▶ _COLLECTED DATA_
^^^^^^^^

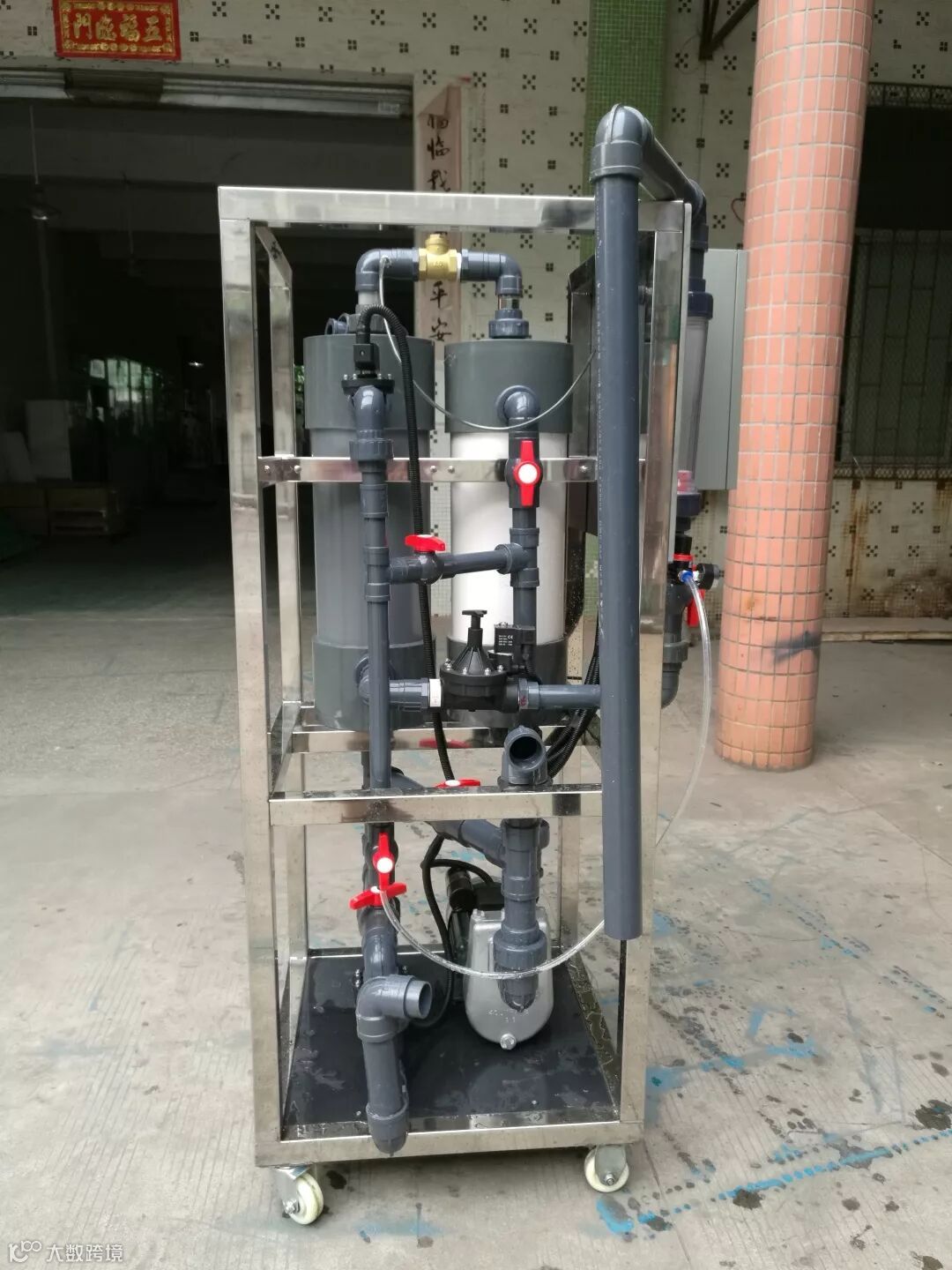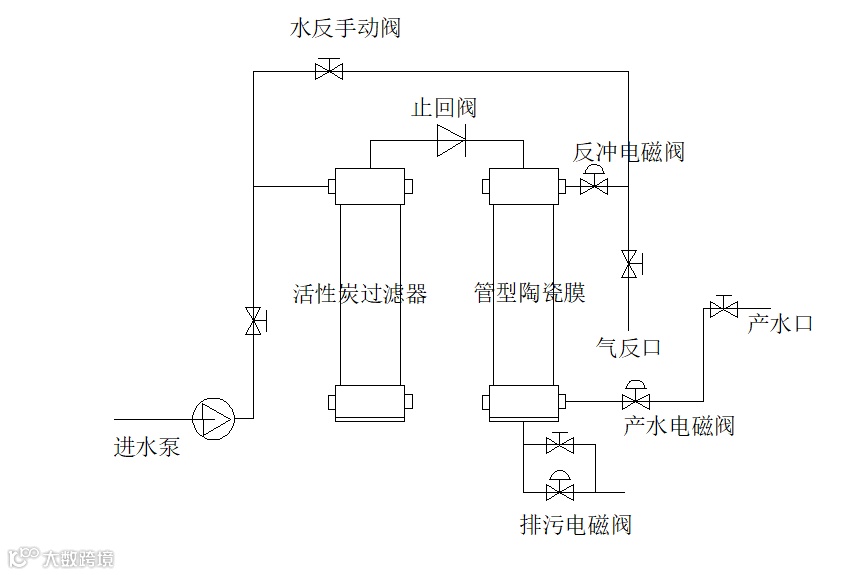 设备占地面积小,约为0.4㎡,尺寸为Ф240×800mm的活性炭罐和管型陶瓷膜能达到与传统炭滤、砂滤罐相近的产水量;
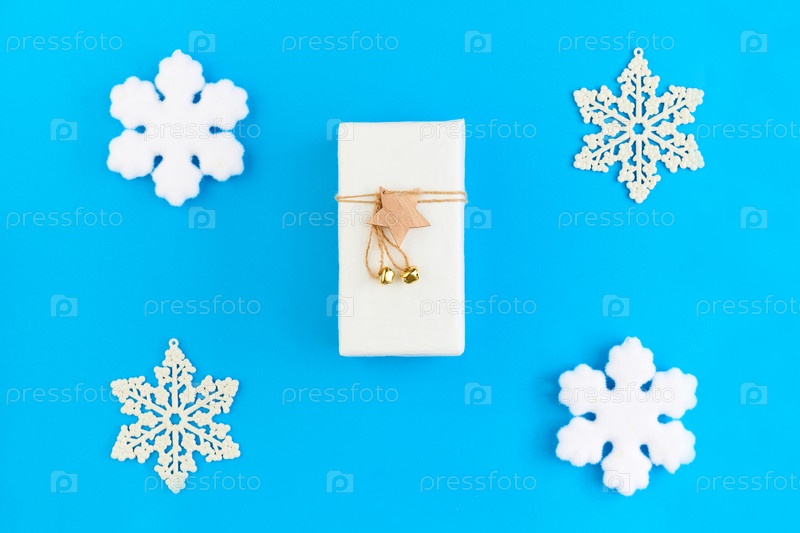 Плоский макет белого пакета с рождественским подарком со звездой и нитью вверху
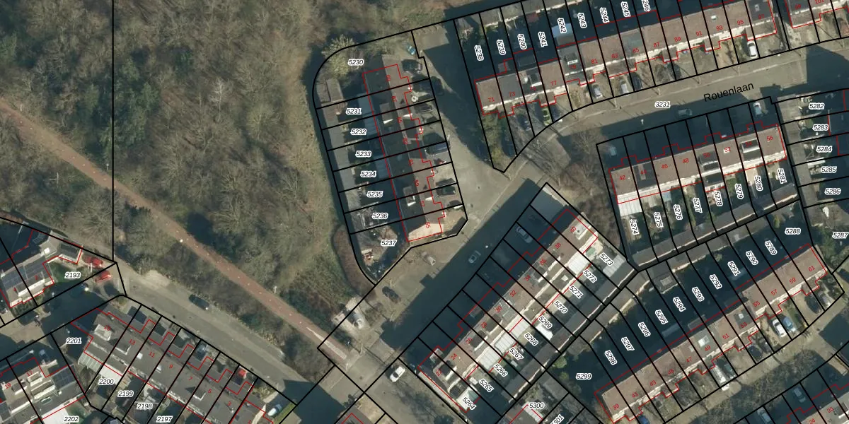 Rouenlaan 57 is gelegen op kadastraal perceel WSL01W5236. Deze kadastrale aanduiding is uniek en wordt gebruikt door het Kadaster om eigendomsrechten en andere zakelijke rechten vast te leggen. Het perceel maakt onderdeel uit van de kadastrale gemeente Woensel.

^^^^^^^^

▶ _WORK TASK_
Put each line of the listing above into the copy exactly, dropping the pictures.

▶ _ANSWER BOX_
 设备占地面积小,约为0.4㎡,尺寸为Ф240×800mm的活性炭罐和管型陶瓷膜能达到与传统炭滤、砂滤罐相近的产水量;
 Плоский макет белого пакета с рождественским подарком со звездой и нитью вверху
 Rouenlaan 57 is gelegen op kadastraal perceel WSL01W5236. Deze kadastrale aanduiding is uniek en wordt gebruikt door het Kadaster om eigendomsrechten en andere zakelijke rechten vast te leggen. Het perceel maakt onderdeel uit van de kadastrale gemeente Woensel.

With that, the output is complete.